Quite a while back, when I was working as a carpenter for a small contractor near Boone, NC, my hometown, we worked on a foundation for a log cabin.
It was mid-December, about 25 degrees Fahrenheit and driving snow. This contractor, generally of foul mood, was singing, “It’s beginning to look a lot like Christmas!” at the top of his lungs. It was indeed, and the temperature certainly felt like it. Not a good day to be laying cinderblocks.
A mason who had retired from Florida to the mountains was directing the work and setting the blocks for the corners of the foundation, leaving the contractor and the other carpenter to lay the blocks between the corners. As carpenters, not masons, we were under the mason’s direction; I was relegated to mixing the mortar, while a laborer delivered it to those who were laying the blocks. I had been directed to add antifreeze to the mix to keep it from freezing as it set.
Now imagine a properly-laid foundation wall: the first course on the footing, a neat rectangle with its top exactly horizontal. The second course on top of the first, its top exactly horizontal. And so on up to the top course.
Now imagine this one: three of the four walls properly laid, with their tops exactly horizontal.
The other wall was a different story.
This wall started at the left on the first course, but ended at the right on the second course! The guys laying the block were not using a level, so they had (apparently) no indication that the course wasn’t horizontal. I can only guess that the footing had been poured out of level; it was poured before I started working on this crew. In any case, they were three or four courses up when this was discovered, and as this was not a tall wall, it was almost complete.
So they pulled the blocks out and corrected it.
No, not really. They left the blocks as they were. Their solution was to use a masonry saw to cut the blocks for the top course so that they tapered from full block height on the left to zero on the right. They had left openings for the foundation vents, which normally would have been installed later in the project. Since these openings would have been a dead giveaway to the error of the wall, they installed the vents in the openings, tilting them to get them as close to horizontal as possible. To hide the rest of the evidence, a batch of stucco was mixed up and applied over the blocks of that wall only.

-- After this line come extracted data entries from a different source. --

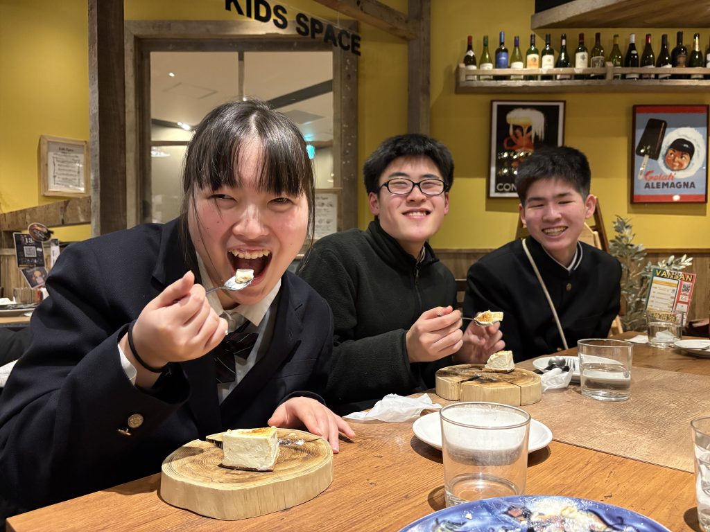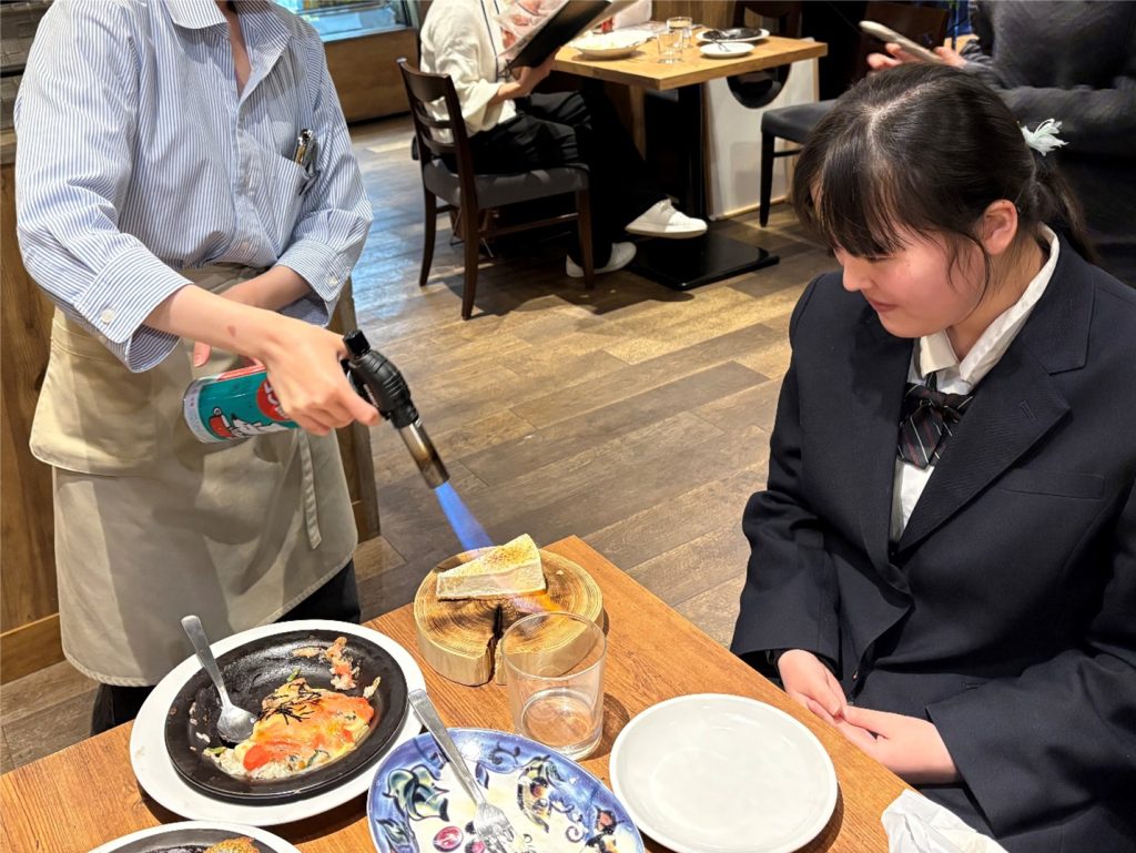 レストランでは、スマートフォンから簡単にメニューを注文できたり、目の前でチーズケーキを炙るライブパフォーマンスを体験したりと、また新たな経験ができました。おしゃれで温かい雰囲気の中で、美味しい料理を囲みながら、笑顔と笑い声あふれる楽しいひとときとなりました。
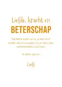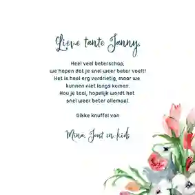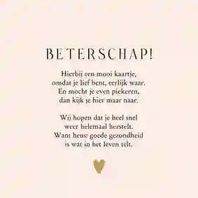 Tip: Wil je ook een toepasselijke tekst op de kaart zetten, maar vind je het lastig om de juiste woorden te vinden? Dat begrijpen wij. Daarom hebben we een aantal beterschapsteksten verzameld ter inspiratie.
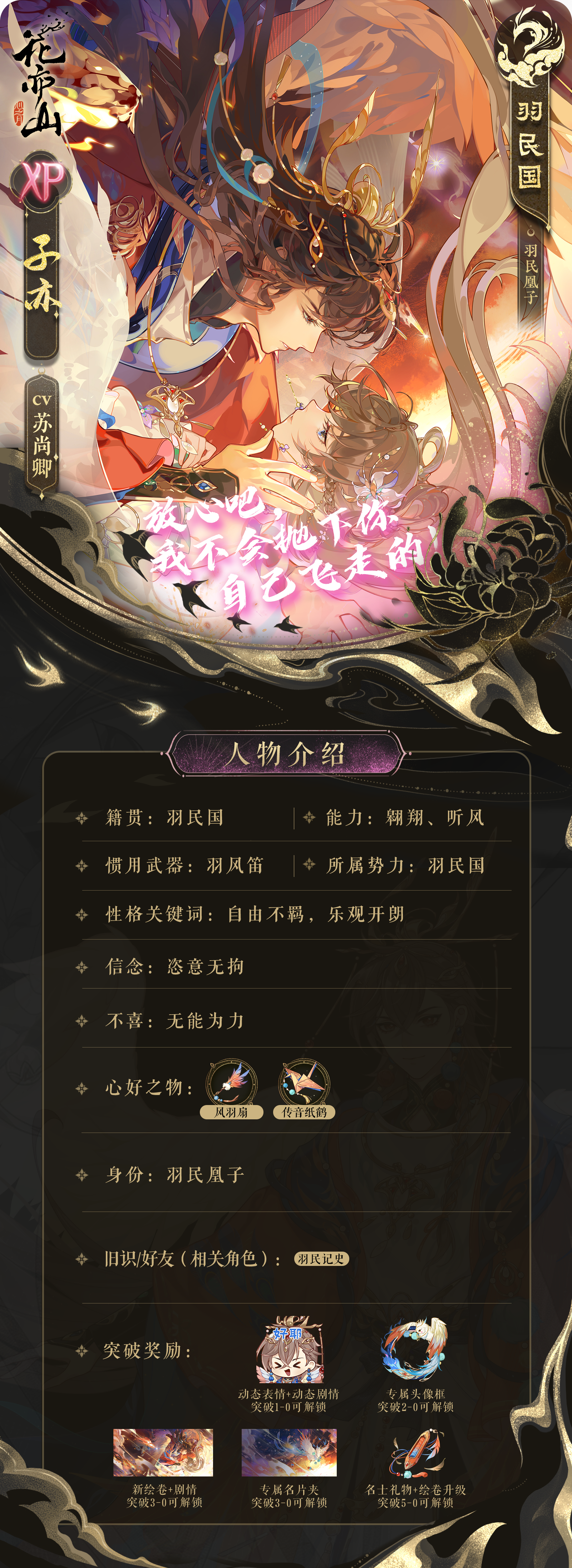 羽民国凰子,生性率真开朗,预言称重新苏醒的他将成为神子,带来奇迹与希望。
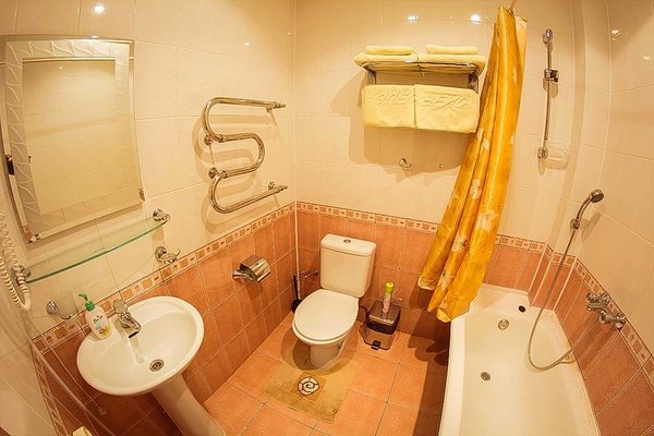 Всего в 50 метрах от отеля «Эдельвейс» расположилась уютная баня, работающая на газовом топливе. Парилка плавно переходит в помывочное отделение, где установлены тазики.

This was typical of this contractor: all of his work was done in a slapdash manner. Errors were hidden, not corrected.
I’ve seen this many times since. If it ain’t broke, don’t fix it. Or maybe, if it ain’t broke enough, don’t fix it.
The carpenter or mason or laborer only has to look at the poor work for a few hours or days, but the homeowner has to look at it forever. I couldn’t and still can’t work that way. I didn’t work for that contractor for much longer.
Let’s do it right the first time—that should be the foundation of any work. And maybe that foundation will last a long time.